Items listed in a dataset
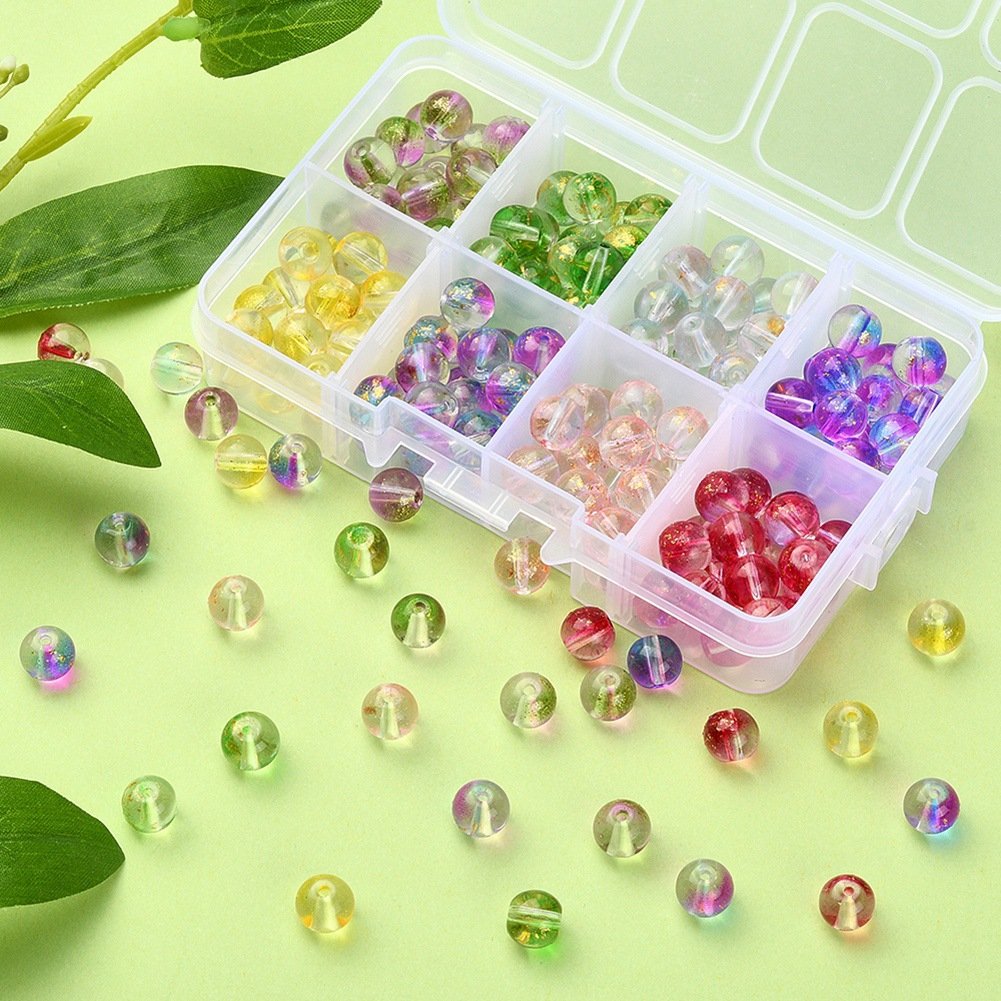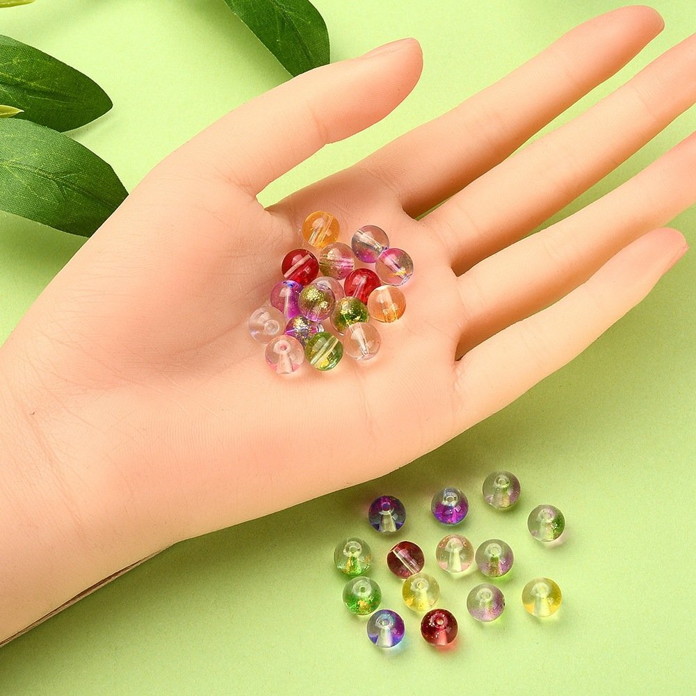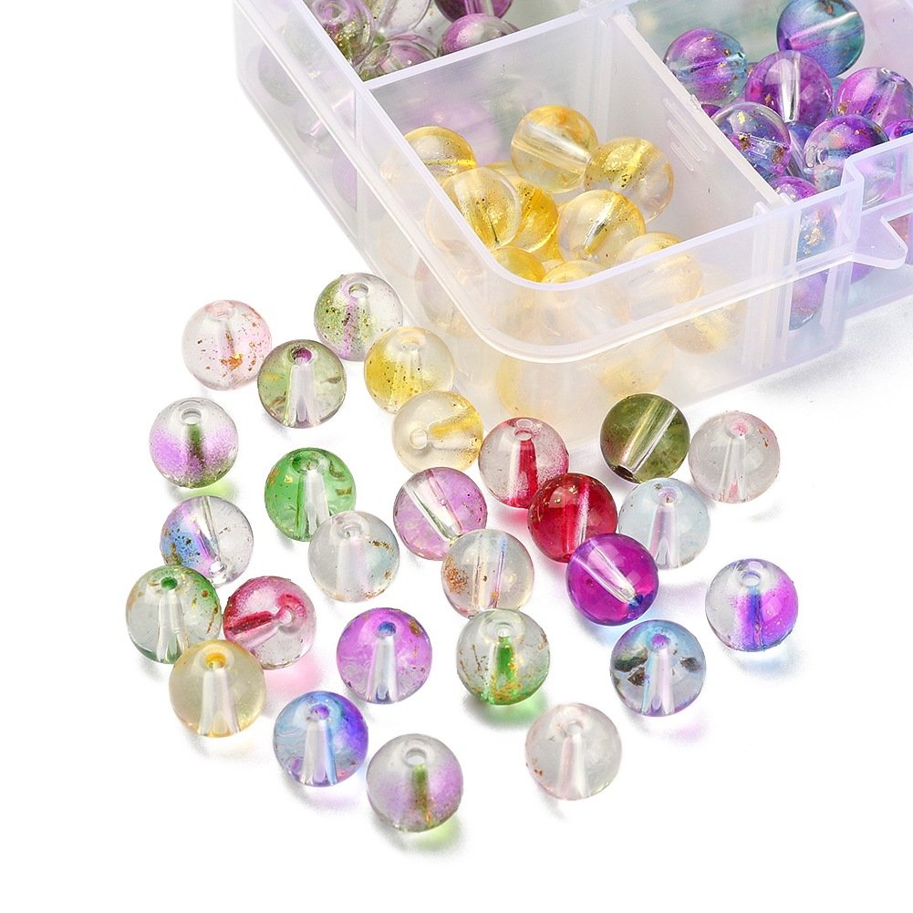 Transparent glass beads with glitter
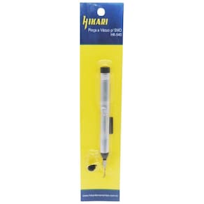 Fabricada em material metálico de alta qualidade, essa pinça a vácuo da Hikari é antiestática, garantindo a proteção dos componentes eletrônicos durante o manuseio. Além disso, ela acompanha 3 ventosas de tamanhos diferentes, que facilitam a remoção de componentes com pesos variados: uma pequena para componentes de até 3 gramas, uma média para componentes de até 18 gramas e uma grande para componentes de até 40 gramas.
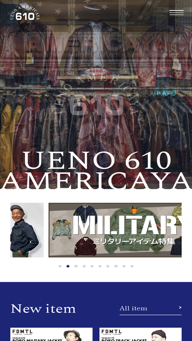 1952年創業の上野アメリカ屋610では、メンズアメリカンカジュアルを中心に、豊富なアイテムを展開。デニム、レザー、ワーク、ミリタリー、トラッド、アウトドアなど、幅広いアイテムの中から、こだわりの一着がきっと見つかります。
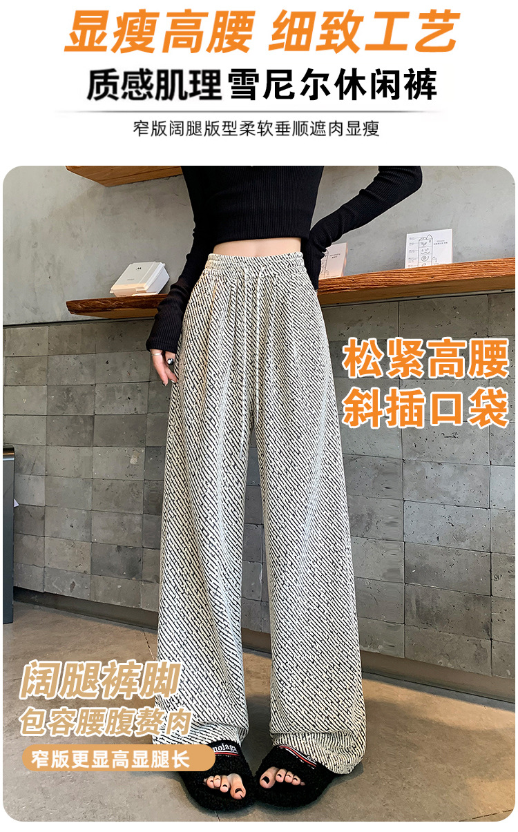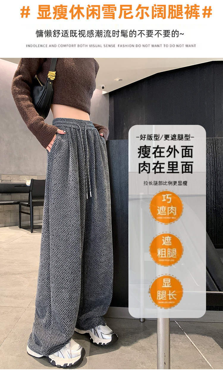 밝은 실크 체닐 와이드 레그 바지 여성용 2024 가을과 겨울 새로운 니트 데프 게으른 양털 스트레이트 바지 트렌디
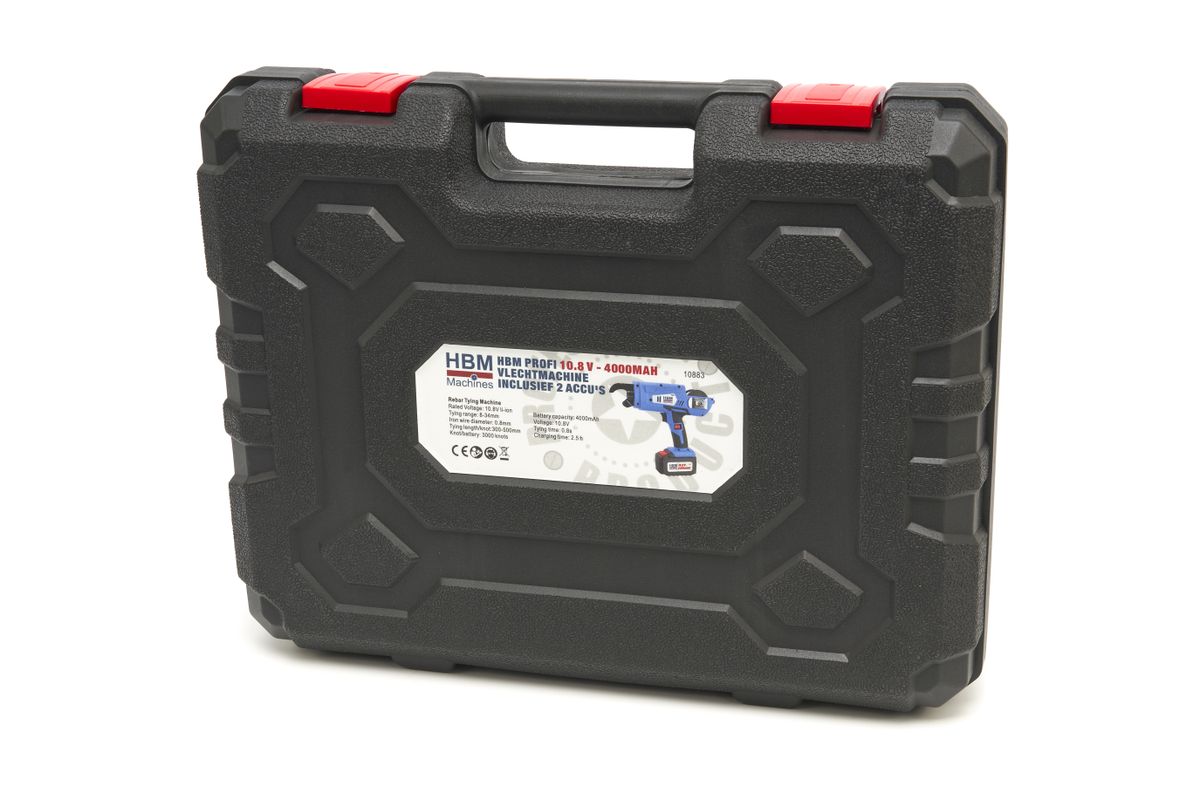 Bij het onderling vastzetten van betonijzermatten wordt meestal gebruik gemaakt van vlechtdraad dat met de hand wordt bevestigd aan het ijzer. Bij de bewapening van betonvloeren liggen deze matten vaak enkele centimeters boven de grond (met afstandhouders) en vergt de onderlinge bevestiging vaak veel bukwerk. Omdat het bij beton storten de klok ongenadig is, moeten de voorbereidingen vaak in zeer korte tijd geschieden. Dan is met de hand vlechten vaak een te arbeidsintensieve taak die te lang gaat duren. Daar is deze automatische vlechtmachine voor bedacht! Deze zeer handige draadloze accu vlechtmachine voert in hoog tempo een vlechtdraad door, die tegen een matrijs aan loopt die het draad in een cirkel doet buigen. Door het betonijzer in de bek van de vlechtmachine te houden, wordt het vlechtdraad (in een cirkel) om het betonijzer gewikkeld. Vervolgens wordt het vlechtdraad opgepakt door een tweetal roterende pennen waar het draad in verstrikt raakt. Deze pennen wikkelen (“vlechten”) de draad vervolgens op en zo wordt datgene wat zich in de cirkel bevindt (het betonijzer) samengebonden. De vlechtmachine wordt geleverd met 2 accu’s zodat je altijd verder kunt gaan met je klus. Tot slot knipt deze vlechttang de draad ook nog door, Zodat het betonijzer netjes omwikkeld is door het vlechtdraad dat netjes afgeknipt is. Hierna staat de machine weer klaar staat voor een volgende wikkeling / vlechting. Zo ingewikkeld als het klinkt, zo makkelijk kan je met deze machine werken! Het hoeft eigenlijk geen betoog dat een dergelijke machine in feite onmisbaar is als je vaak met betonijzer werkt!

**Task prompt:** Your output should consist solely of the lines from the line containing "1952年創業の上野アメリカ" through the last line of the entries, verbatim, minus any pictures.

**Answer to this exercise:**
 1952年創業の上野アメリカ屋610では、メンズアメリカンカジュアルを中心に、豊富なアイテムを展開。デニム、レザー、ワーク、ミリタリー、トラッド、アウトドアなど、幅広いアイテムの中から、こだわりの一着がきっと見つかります。
 밝은 실크 체닐 와이드 레그 바지 여성용 2024 가을과 겨울 새로운 니트 데프 게으른 양털 스트레이트 바지 트렌디
 Bij het onderling vastzetten van betonijzermatten wordt meestal gebruik gemaakt van vlechtdraad dat met de hand wordt bevestigd aan het ijzer. Bij de bewapening van betonvloeren liggen deze matten vaak enkele centimeters boven de grond (met afstandhouders) en vergt de onderlinge bevestiging vaak veel bukwerk. Omdat het bij beton storten de klok ongenadig is, moeten de voorbereidingen vaak in zeer korte tijd geschieden. Dan is met de hand vlechten vaak een te arbeidsintensieve taak die te lang gaat duren. Daar is deze automatische vlechtmachine voor bedacht! Deze zeer handige draadloze accu vlechtmachine voert in hoog tempo een vlechtdraad door, die tegen een matrijs aan loopt die het draad in een cirkel doet buigen. Door het betonijzer in de bek van de vlechtmachine te houden, wordt het vlechtdraad (in een cirkel) om het betonijzer gewikkeld. Vervolgens wordt het vlechtdraad opgepakt door een tweetal roterende pennen waar het draad in verstrikt raakt. Deze pennen wikkelen (“vlechten”) de draad vervolgens op en zo wordt datgene wat zich in de cirkel bevindt (het betonijzer) samengebonden. De vlechtmachine wordt geleverd met 2 accu’s zodat je altijd verder kunt gaan met je klus. Tot slot knipt deze vlechttang de draad ook nog door, Zodat het betonijzer netjes omwikkeld is door het vlechtdraad dat netjes afgeknipt is. Hierna staat de machine weer klaar staat voor een volgende wikkeling / vlechting. Zo ingewikkeld als het klinkt, zo makkelijk kan je met deze machine werken! Het hoeft eigenlijk geen betoog dat een dergelijke machine in feite onmisbaar is als je vaak met betonijzer werkt!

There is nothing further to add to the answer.